Large segmental bone defects may result in delayed union or even non-union if improperly treated. Hence, surgical interventions together with bone grafting techniques are commonly considered in the treatment process. Even though the emergence of various synthetic bone substitutes offers various options, the treatment outcome cannot be compared to the approach of autologous bone graft in terms of bone healing quality and time. One of the issues leading to inferior bone regeneration when synthetic substitutes are used is due to inferior osteoinductivity. The incorporation of recombinant human growth factors (e.g. rhBMP-2) with bone allograft and other substitutes have been considered and widely applied clinically. Their clinical outcomes have been extensively reported as well. The efficacy of the treatment has been approved. Post-operative complications and the controversy of off-label applications and high application costs have been also documented. The complications can be attributed to the uncontrolled release of growth factor that collaterally interferes with the un-targeting cells. Alternatively, the incorporation of bioinorganic ions such as magnesium, strontium, silicon, copper, and cobalt into bone graft materials provides an economical and feasible solution for bone defect repair. The safety issues related to the use of these bioinorganic ions has been investigated by a number of studies over these years. When the therapeutic effect and working mechanisms of these ions have been clearly understood, it may be possible to implement a human clinical trial. With additional new discoveries, bioinorganic ions can be considered for use in the combination of growth factors for bone defect treatment that may induce synergistic effect in terms of new bone formation.

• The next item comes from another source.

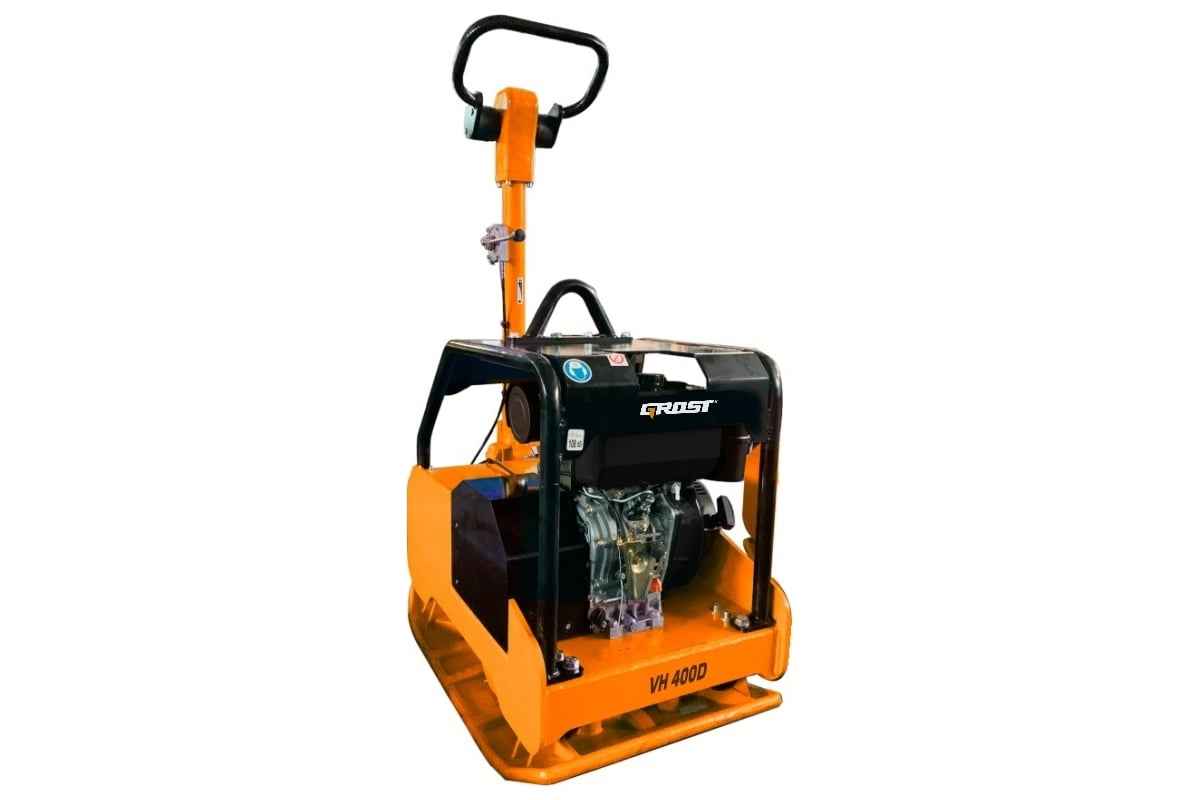 Реверсивная виброплита GROST VH 400D с двигателем Honda GX270. Вес 400 кг, центробежная сила 40 кН, скорость вибрации 5800 об/мин. Оснащена системой орошения, транспортировочными колесами и защитой от вибрации оператора.

The 3D–printing technology in particular to the capability to reproduce the microarchitecture of bony tissue has been advanced by the latest development of biomaterials and therefore shed light on the next generation of synthetic bone substitutes [361]. In addition, when the 3D printed scaffolds are fabricated together with mesenchymal stem cells, this approach may induce new bone formation in the treatment of bone defects. However, challenges including suboptimal resolution, relatively slow printing speed and limited selection of bio-inks are concerned. When all these issues have been resolved, it is believed that the demand for bone graft and autograft will become lesser in the future.